[[ Data, beginning ]]

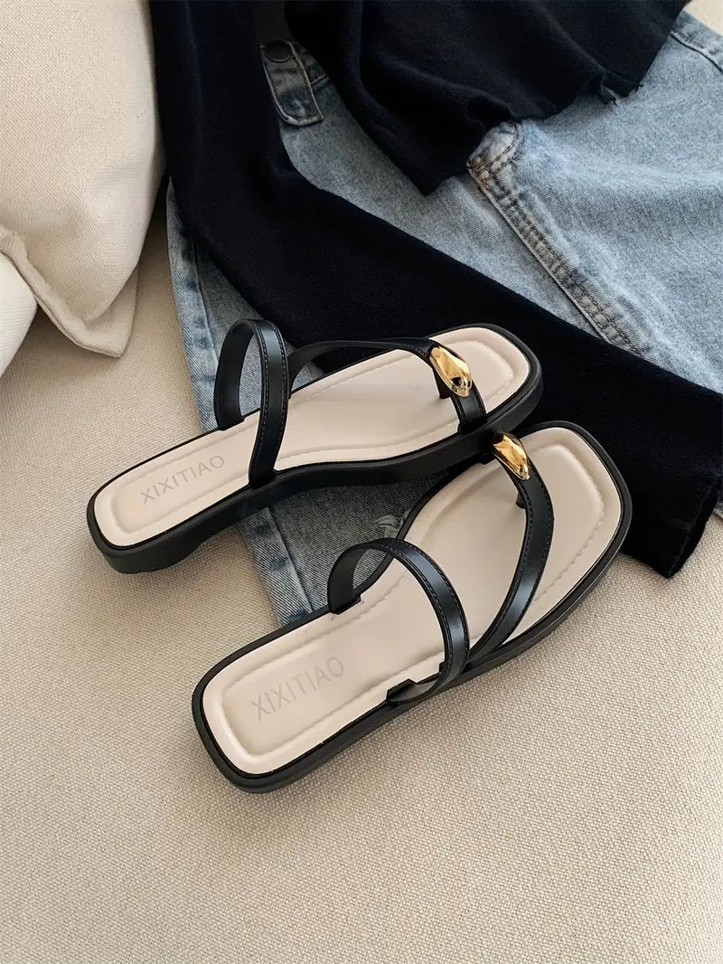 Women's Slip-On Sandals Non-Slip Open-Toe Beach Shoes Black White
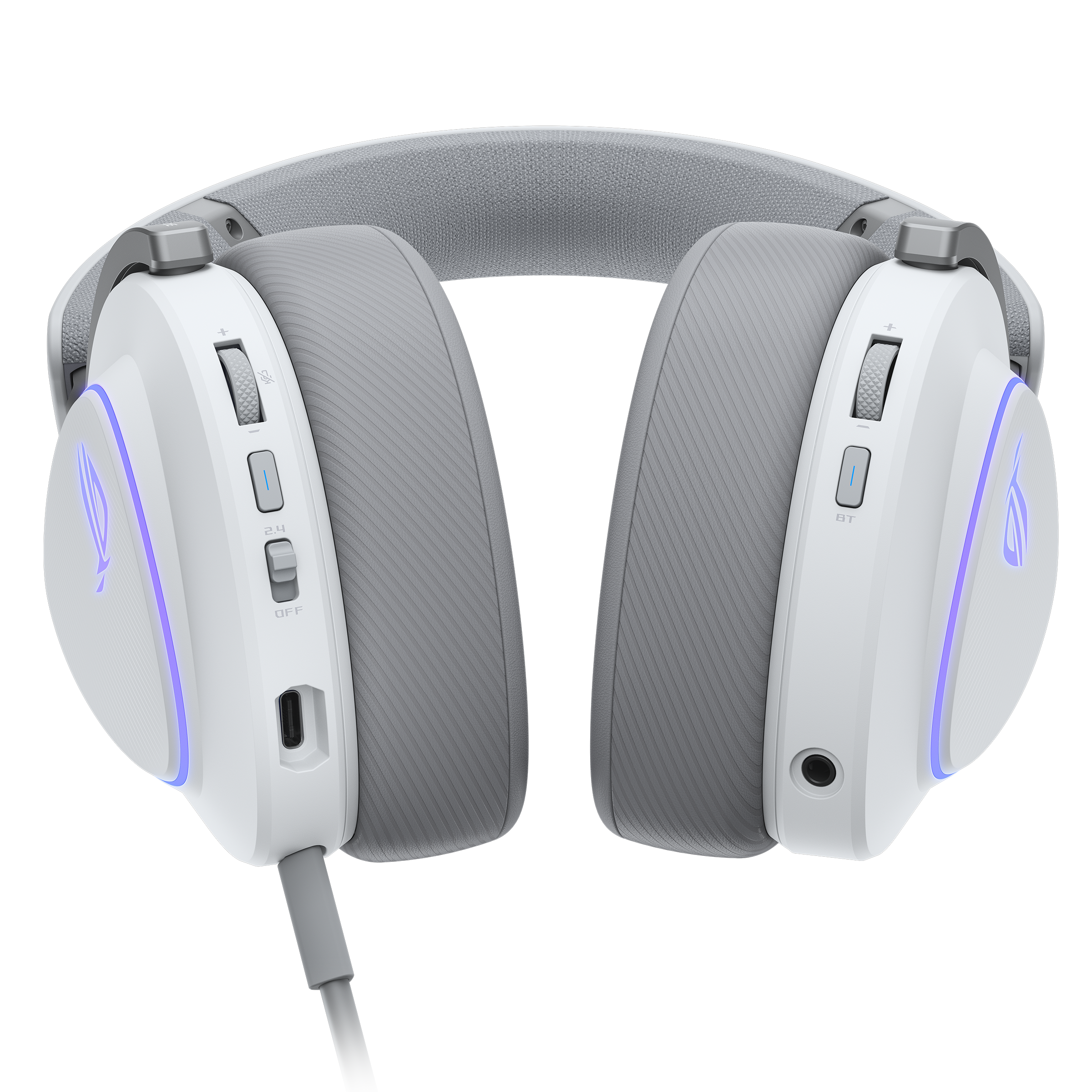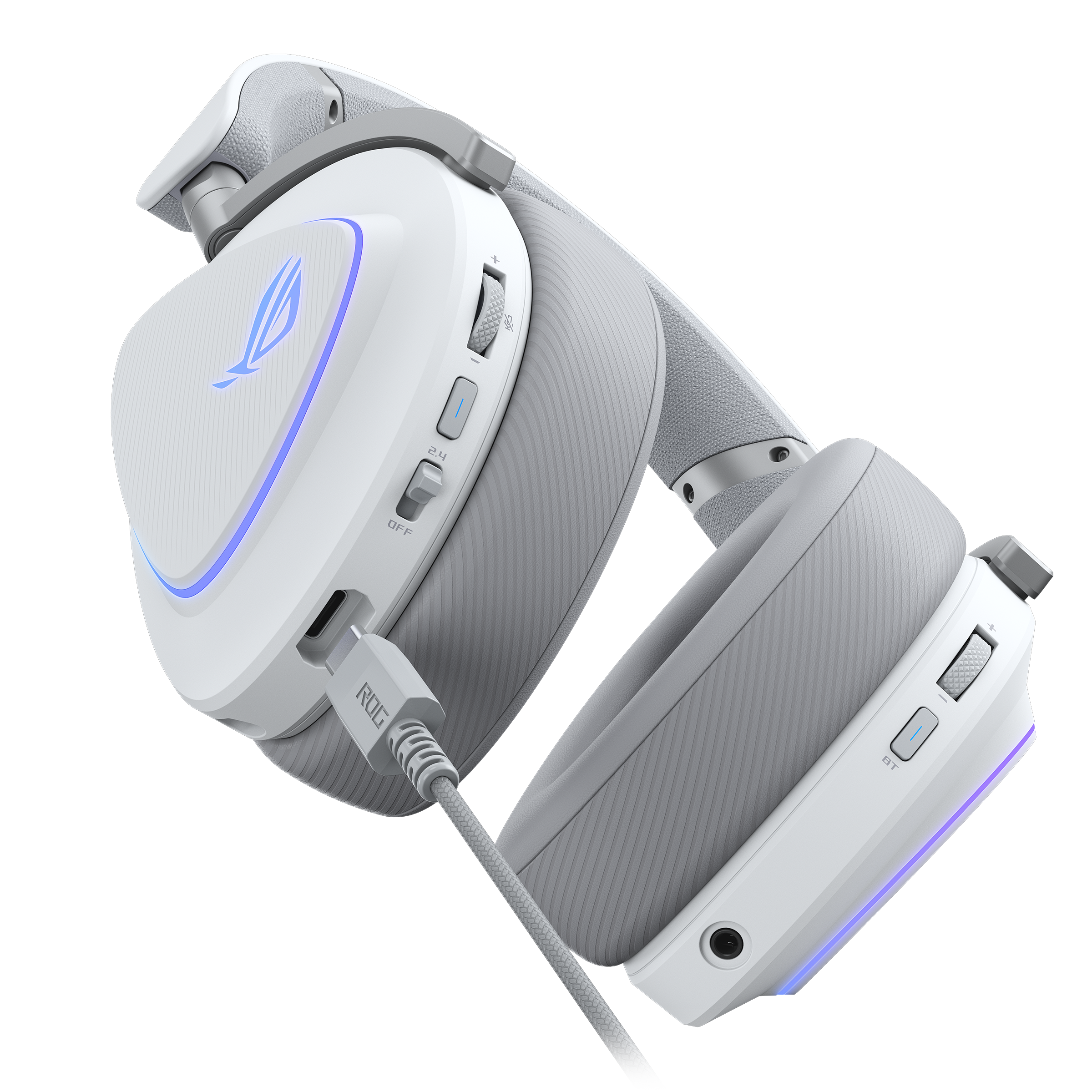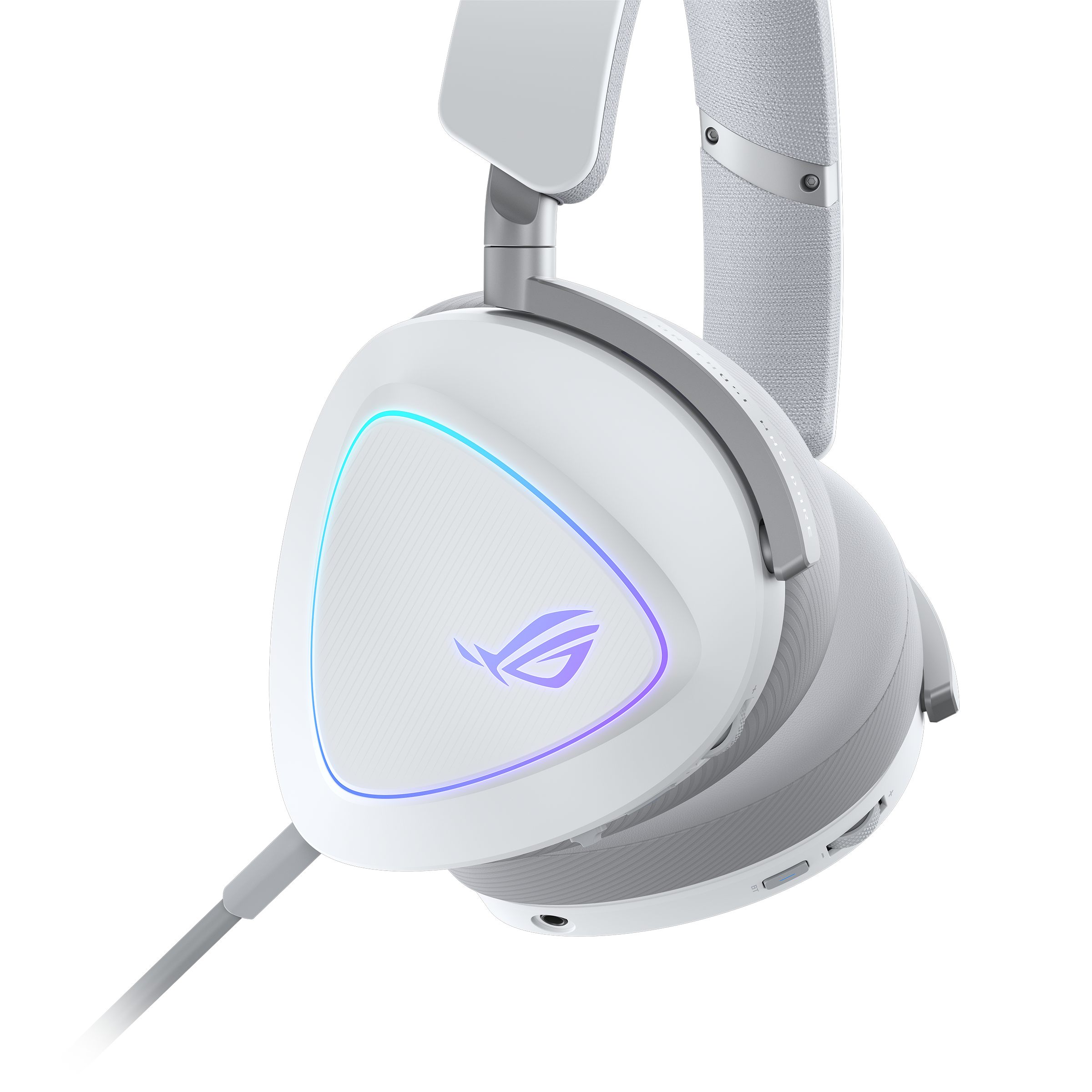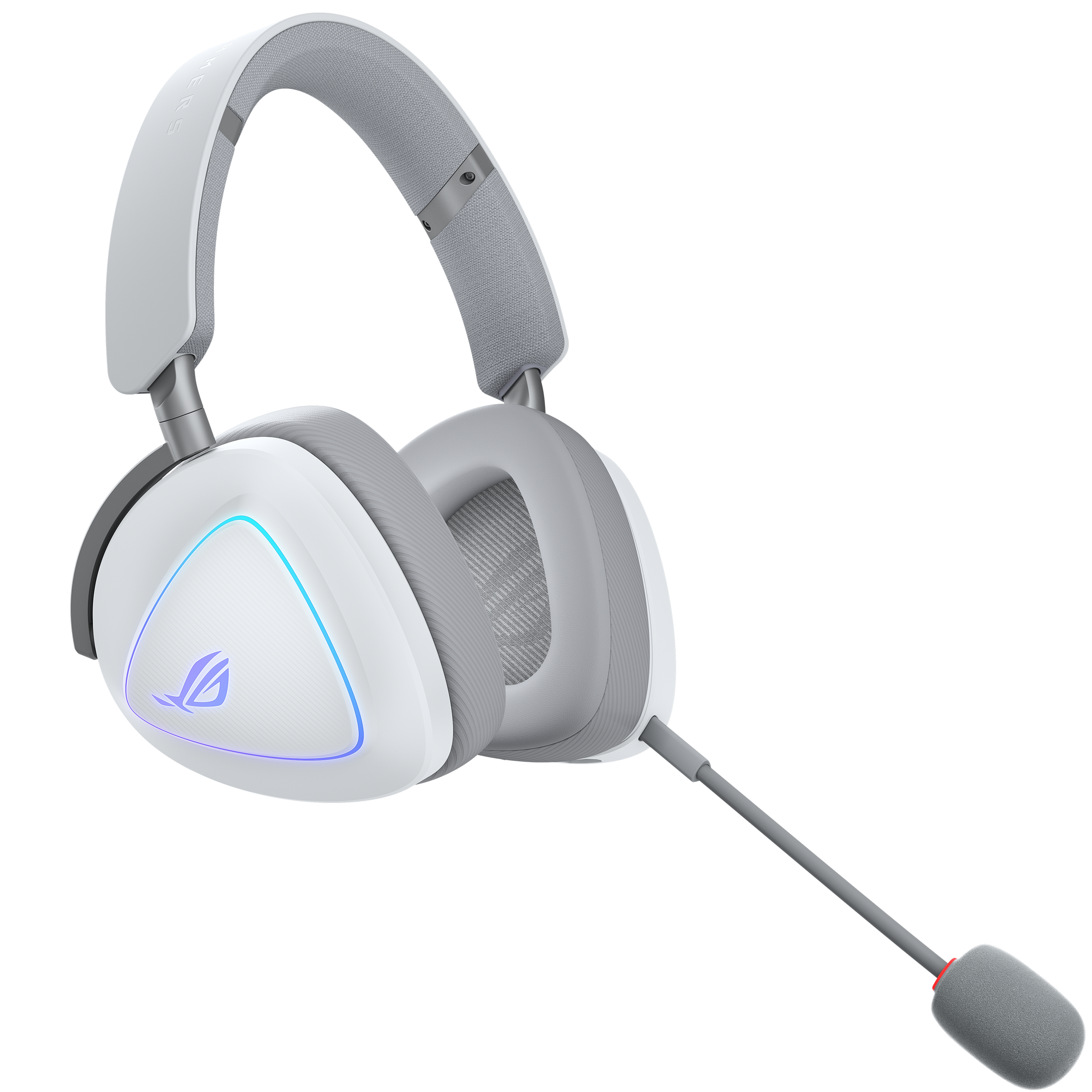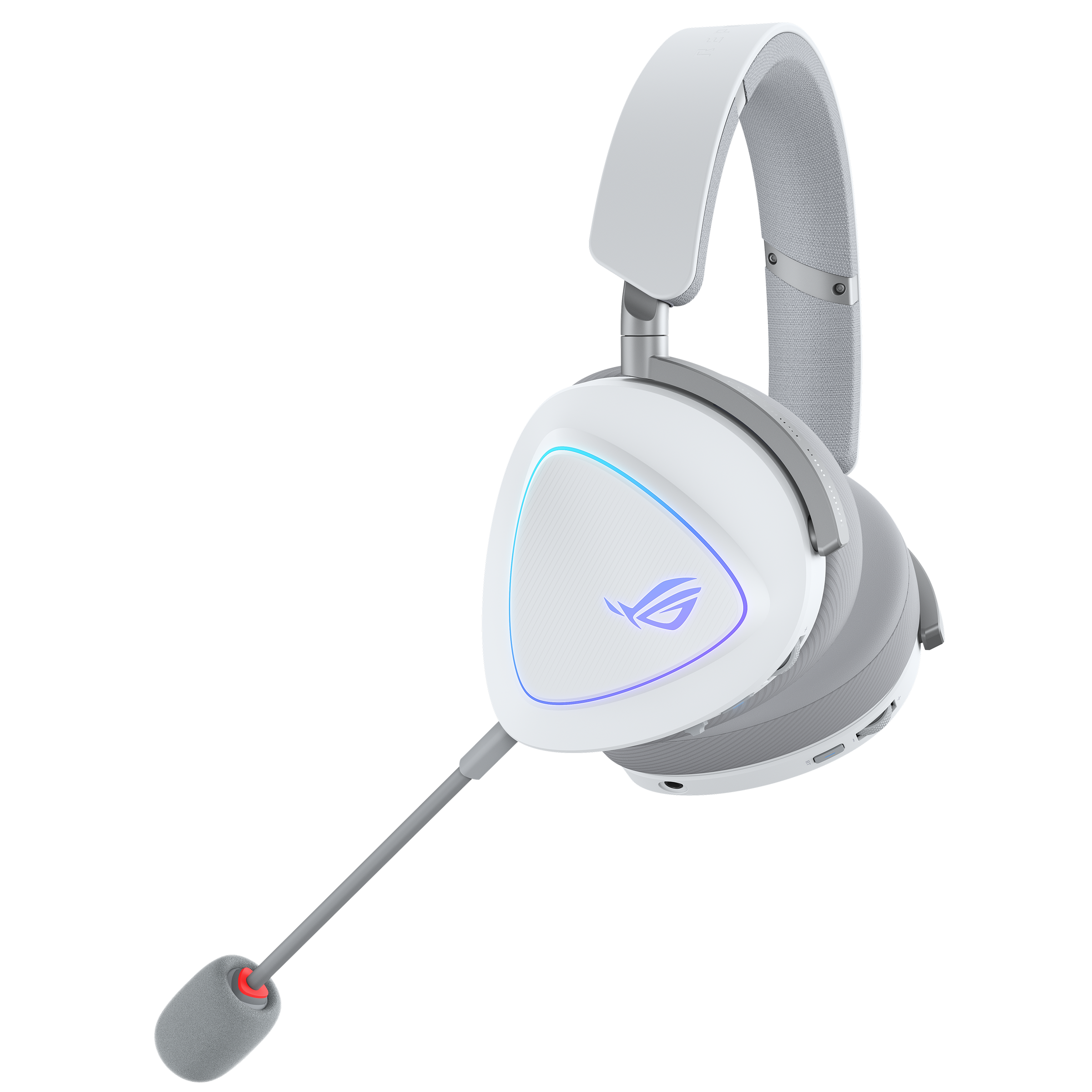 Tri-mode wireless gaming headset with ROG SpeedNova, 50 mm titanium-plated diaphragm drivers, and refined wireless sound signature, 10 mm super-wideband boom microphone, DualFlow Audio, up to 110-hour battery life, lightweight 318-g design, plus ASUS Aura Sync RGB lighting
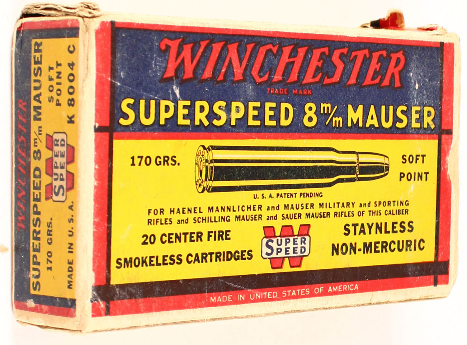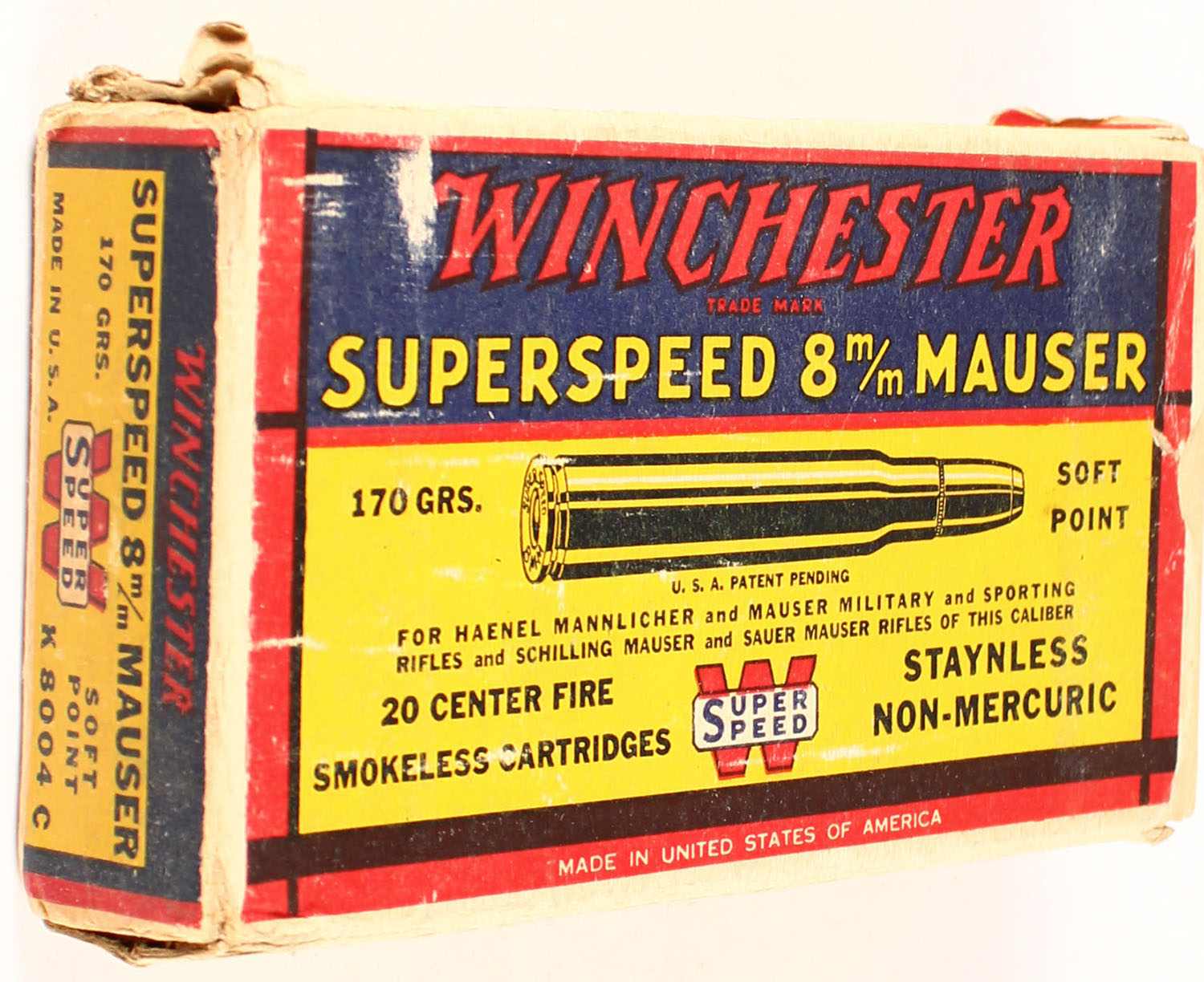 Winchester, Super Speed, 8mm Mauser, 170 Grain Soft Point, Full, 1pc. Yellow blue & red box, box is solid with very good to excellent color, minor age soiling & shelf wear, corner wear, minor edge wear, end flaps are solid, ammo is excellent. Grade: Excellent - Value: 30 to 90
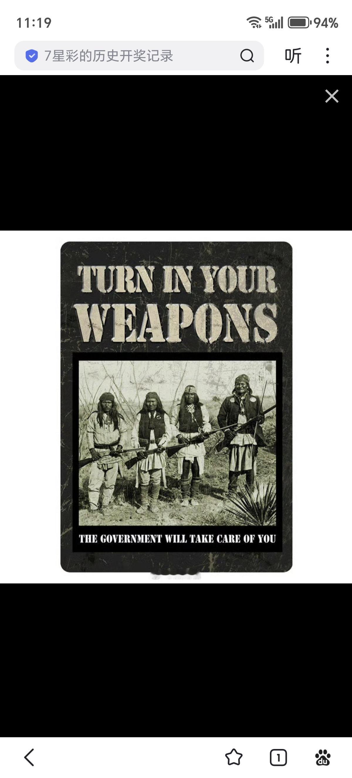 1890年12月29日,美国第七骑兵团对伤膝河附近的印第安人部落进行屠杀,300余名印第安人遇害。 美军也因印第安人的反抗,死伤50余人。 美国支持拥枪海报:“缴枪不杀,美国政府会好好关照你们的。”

[[ Data, end ]]

** About this exercise **
Print all the lines above exactly as they are, but without the pictures.

** Reply **
 Women's Slip-On Sandals Non-Slip Open-Toe Beach Shoes Black White
 Tri-mode wireless gaming headset with ROG SpeedNova, 50 mm titanium-plated diaphragm drivers, and refined wireless sound signature, 10 mm super-wideband boom microphone, DualFlow Audio, up to 110-hour battery life, lightweight 318-g design, plus ASUS Aura Sync RGB lighting
 Winchester, Super Speed, 8mm Mauser, 170 Grain Soft Point, Full, 1pc. Yellow blue & red box, box is solid with very good to excellent color, minor age soiling & shelf wear, corner wear, minor edge wear, end flaps are solid, ammo is excellent. Grade: Excellent - Value: 30 to 90
 1890年12月29日,美国第七骑兵团对伤膝河附近的印第安人部落进行屠杀,300余名印第安人遇害。 美军也因印第安人的反抗,死伤50余人。 美国支持拥枪海报:“缴枪不杀,美国政府会好好关照你们的。”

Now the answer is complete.